Paolo Savona è in grande spolvero. Dopo la breve esperienza nel governo Conte I, in cui ha ricoperto l’incarico di ministro degli Affari europei, il navigato accademico sardo ha ottenuto la presidenza della Consob e, con essa, una vista privilegiata sugli andamenti del contesto economico-finanziario italiano e internazionale. Negli ultimi mesi questo gli ha permesso di esprimersi con autorevolezza su un ampio novero di dossier: avvertendo sul rischio di una crisi globale, difendendo la solidità dell’economia italiana e la sostenibilità del debito pubblico, chiedendo una più coraggiosa riforma del Meccanismo europeo di stabilità (Mes). E, da ultimo, intervenendo sul tema discusso delle criptovalute.
“Non ci dobbiamo muovere dall’idea che le crtiptomonete devono essere pubbliche, di questo sono convinto”, ha affermato Savona nella giornata del 25 ottobre scorso alla lectio magistralis tenuta alla sede romana dell’Associazione Italiana per l’Analisi Finanziaria (Aiaf) sul tema “Innovazione tecnologica e mercati finanziari”. Savona amplia un ragionamento di ampio respiro che lo aveva già portato, nelle scorse settimane, ad accogliere con scetticismo l’introduzione del Libra, il sistema di pagamenti proposto da Mark Zuckerberg, fondatore di Facebook. A ottobre infatti Savona aveva affermato la sua totale avversità per Libra: “Il problema di fondo, se si diffondono criptovalute come la Libra, è che tu devi essere certo che seguano il metodo dei bitcoin, come affermano, ma non si può fare perché dovrebbero avere un’offerta rigida e non espandibile, 21 milioni di unità, mentre la Libra viene data sul mercato (ammesso che vada avanti, perché incominciano a nascere i problemi)”.
Per Savona, dunque, l’impianto del ragionamento è chiaro: se le monete “virtuali” vogliono essere definite tali, non possono prescindere dal controllo di un emittente centrale di matrice pubblica. Il motivo di fondo è il fatto che solo un decisore esterno al mercato può garantire il potere fiduciario proprio per rendere effettivamente apprezzabile una moneta, impedire episodi speculativi, garantirne il potere di equivalente generale. Nella sua relazione annua da Presidente della Consob, l’ex braccio destro di Guido Carli aveva inoltre condizionato l’ampliamento del controllo pubblico sulle criptovalute, sulle loro emissioni e sulla loro gestione alla costruzione di una strategia nazionale per il fintech, settore su cui l’Italia esprime grandi potenzialità ma necessita di maggiore concretezza.
Perché uno Stato dovrebbe cooptare il potere pubblico per controllare le criptovalute?

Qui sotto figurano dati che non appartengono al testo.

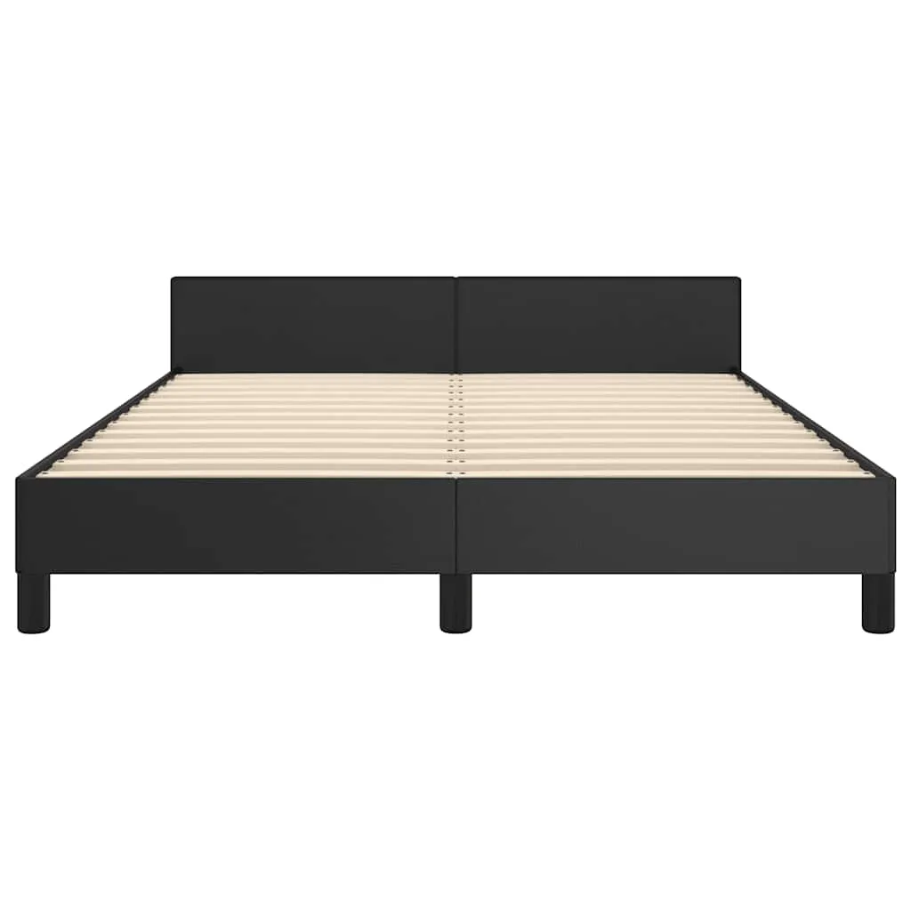 Bettgestell mit Kopfteil 197x146x50 cm Schwarz Kunstleder Massivholz

Secondo Savona, nel caso in cui un attore privato indipendente riuscisse a sommare una forte capacità di emissione di moneta elettronica con una posizione di rendita in campo di transazioni digitali, magari con lo sfruttamento del potenziale dell’intelligenza artificiale, il sistema monetario attuale “verrebbe sconvolto e il sistema finanziario coinvolto” perché “diventerebbe problematico il controllo della quantità di moneta e, ancor di più, la sua riconduzione nell’alveo pubblico”.
I dubbi di Savona sono estremamente legittimi e fondati, ma il discorso sarebbe incompleto se non si sottolineasse il fatto che, allo stato attuale delle cose, non tutte le criptovalute si presentano come potenziali monete in senso stretto. Non tutte, in altre parole, presentano contemporaneamente le prospettive di realizzare contemporaneamente le funzioni di mezzo di pagamento, equivalente generale e riserva di valore. Libra, ad esempio, è stata inizialmente pensata come un’architettura simile più a quella di un titolo avente come sottostante l’ingresso a un circuito di pagamento e di un mezzo indiretto di finanziamento per Facebook che di una moneta in senso stretto. Difficile, all’attuale stato dell’arte, individuare un perimetro netto tra cosa sia e cosa non sia “criptovaluta”. Savona indica il sentiero, ma i regolatori politici dovranno via via essere in grado di fissare perimetri, linee di demarcazione e confini ben precisi per poi decidere tra la soluzione pubblica e quella di mercato.